* **Your task**
What you output must be the exact lines from the first line of the data through the one holding "Bokhyllor – en", with no pictures.

Stored items:
Start of Block

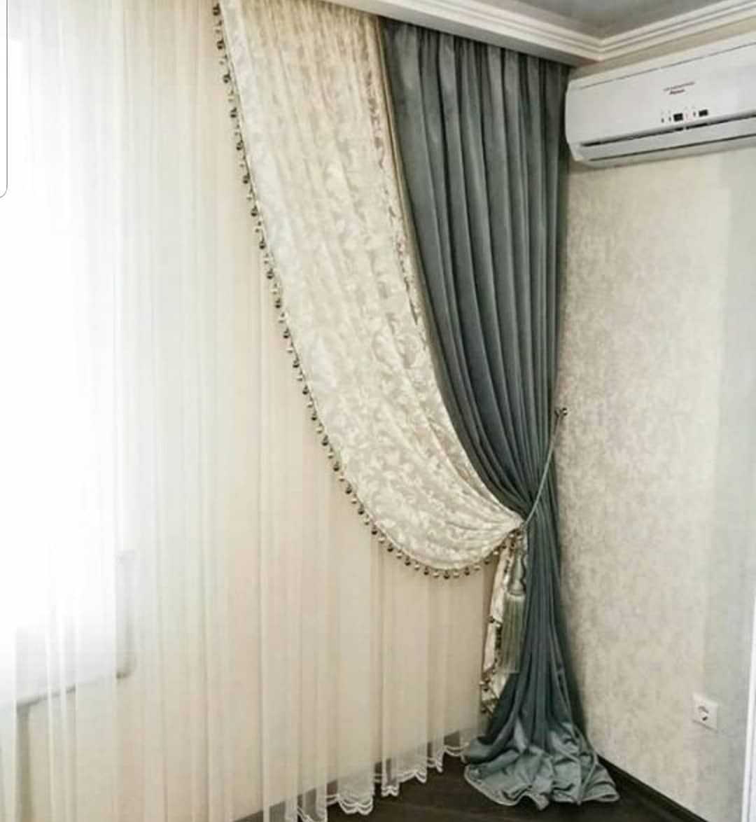 Натуральные материалы приятнее выглядят внешне, в то время как искусственные лучше изолируют помещение от света и звуков с улицы. Среди натуральных материалов, наиболее востребован бархат и тафта.
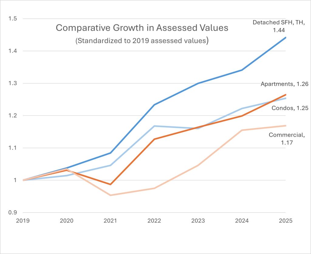 The new developments increased the tax base of apartments as expected, from $200 million in 2013 to $900 million in 2025. However, the surge in the housing market for single-family homes caused the valuation of SFH properties to rise much faster than other types of housing so that its share of the tax base was only slightly reduced.
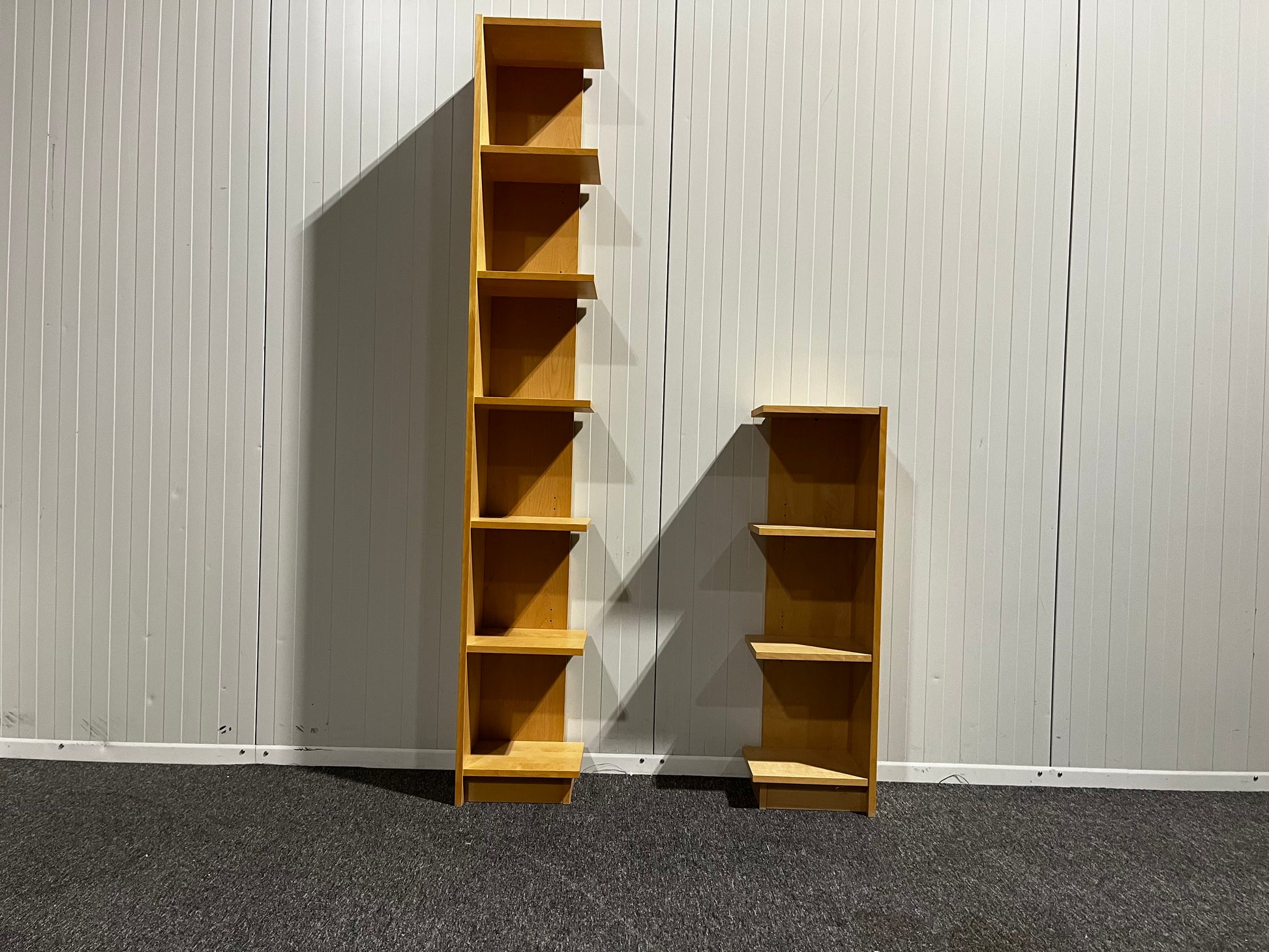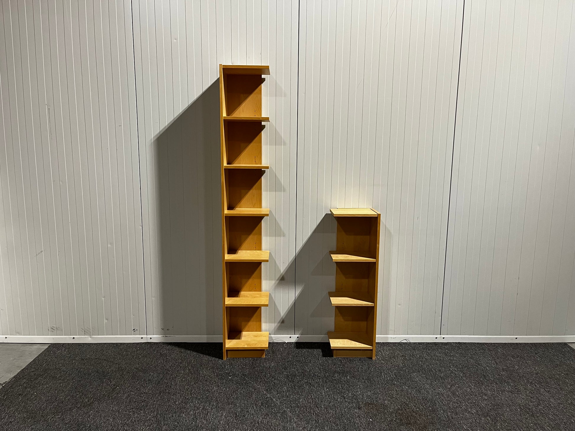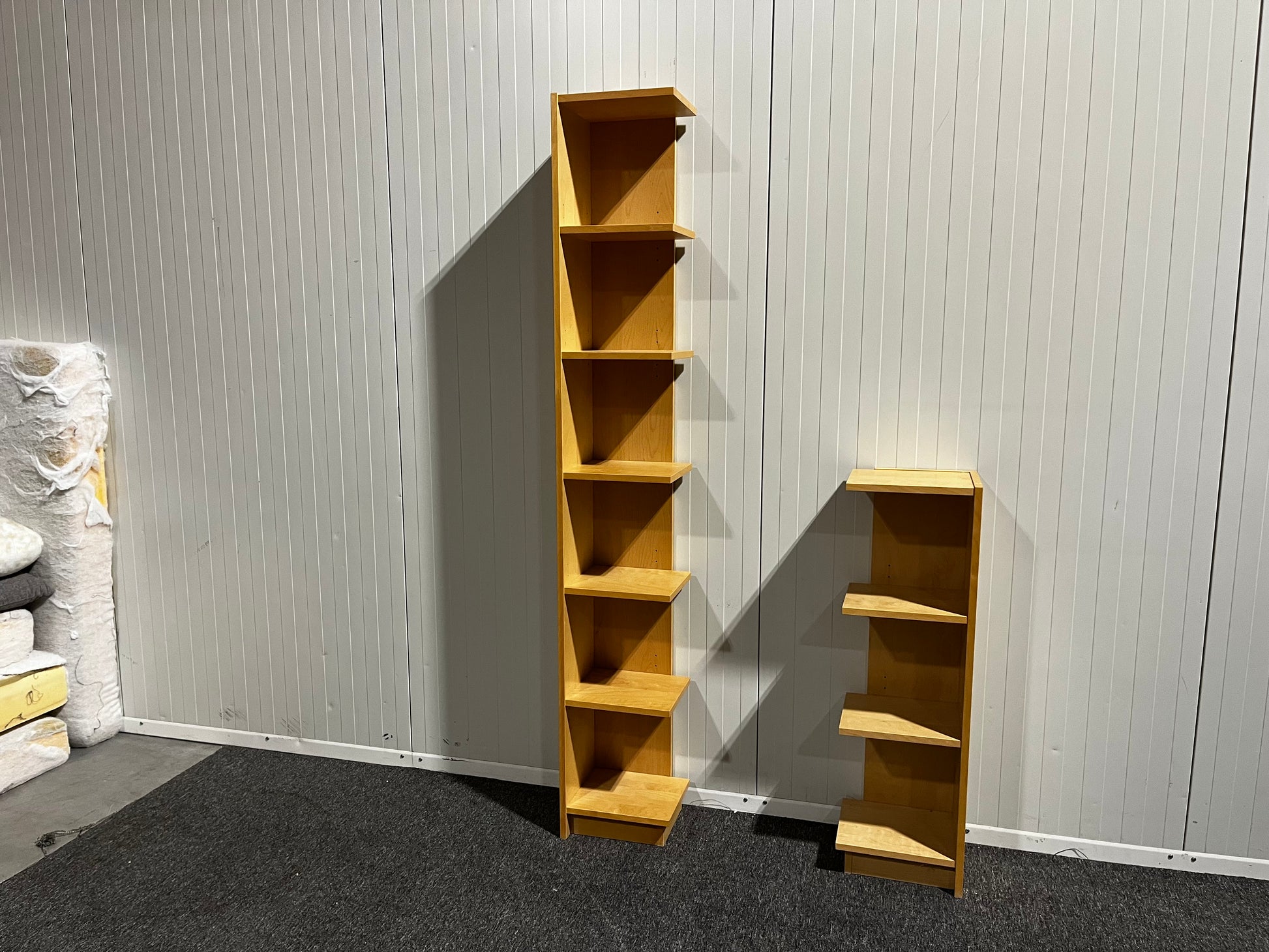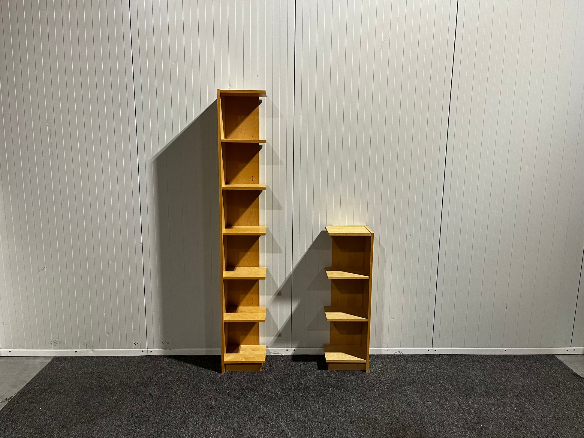 Bokhyllor – en lång och en kort, perfekt för hörnplacering
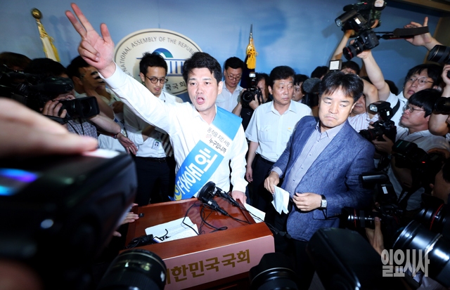 허동준 전 동작을 지역위원장이 8일 서울 여의도 국회 정론관에서 열린 기동민 전 서울시 정무부시장의 출마기자회견에 난입해 당 전략공천에 불만을 토로하고 있다.
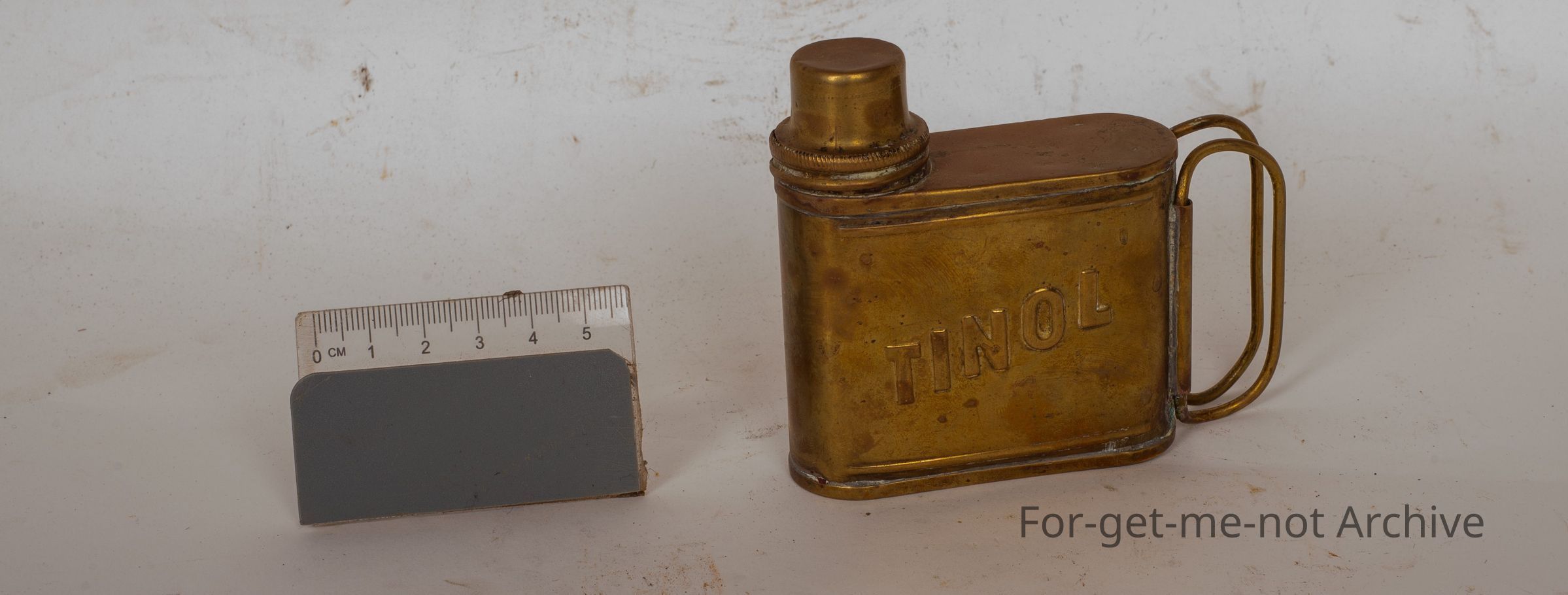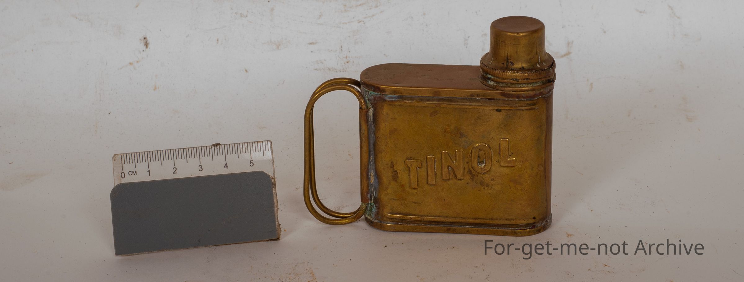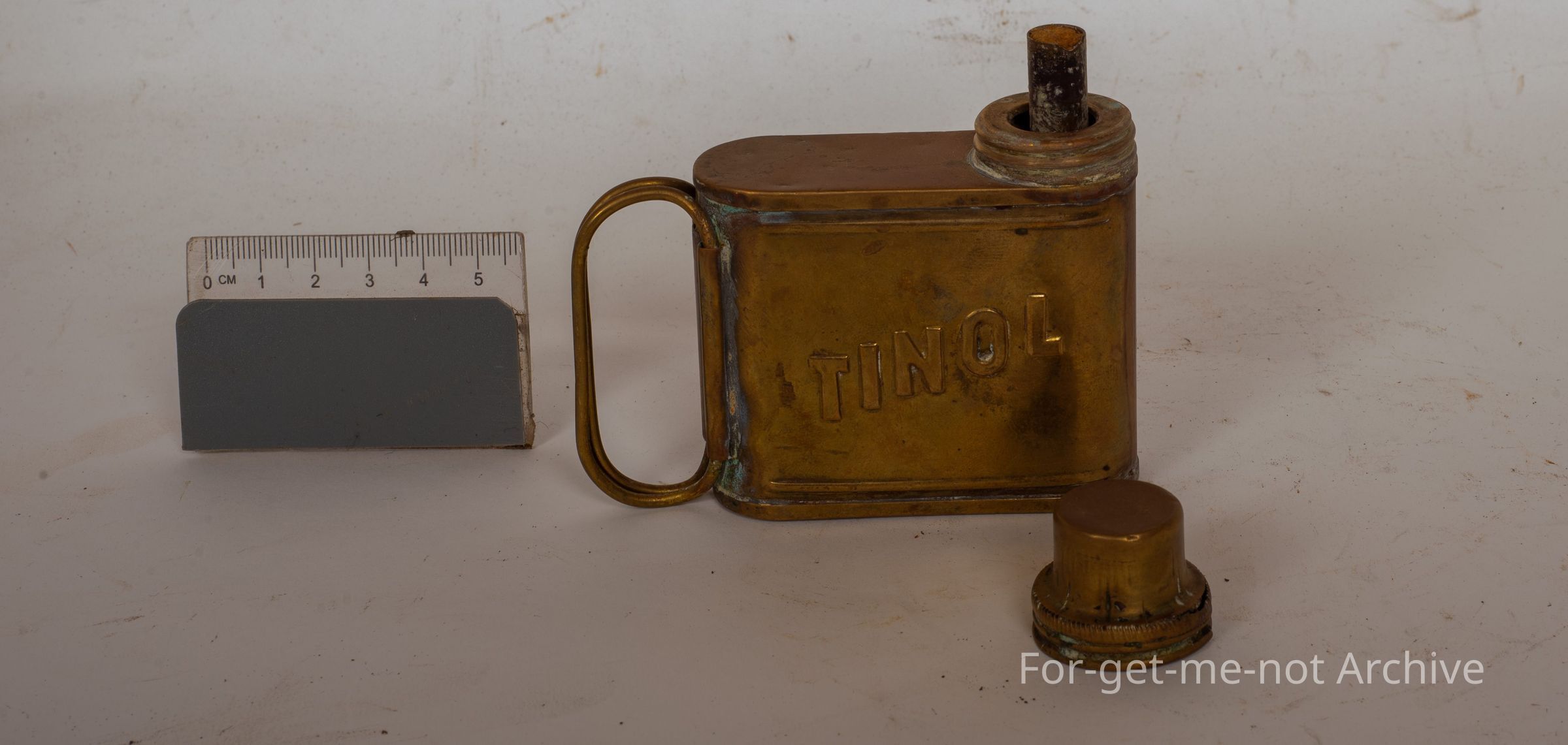 This is a little black brass handheld, wick fed light stamped tin holes on either side, made in Germany. Its purpose is a bit obscure. In very good order.

End of Block

* **Result of this exercise**
 Натуральные материалы приятнее выглядят внешне, в то время как искусственные лучше изолируют помещение от света и звуков с улицы. Среди натуральных материалов, наиболее востребован бархат и тафта.
 The new developments increased the tax base of apartments as expected, from $200 million in 2013 to $900 million in 2025. However, the surge in the housing market for single-family homes caused the valuation of SFH properties to rise much faster than other types of housing so that its share of the tax base was only slightly reduced.
 Bokhyllor – en lång och en kort, perfekt för hörnplacering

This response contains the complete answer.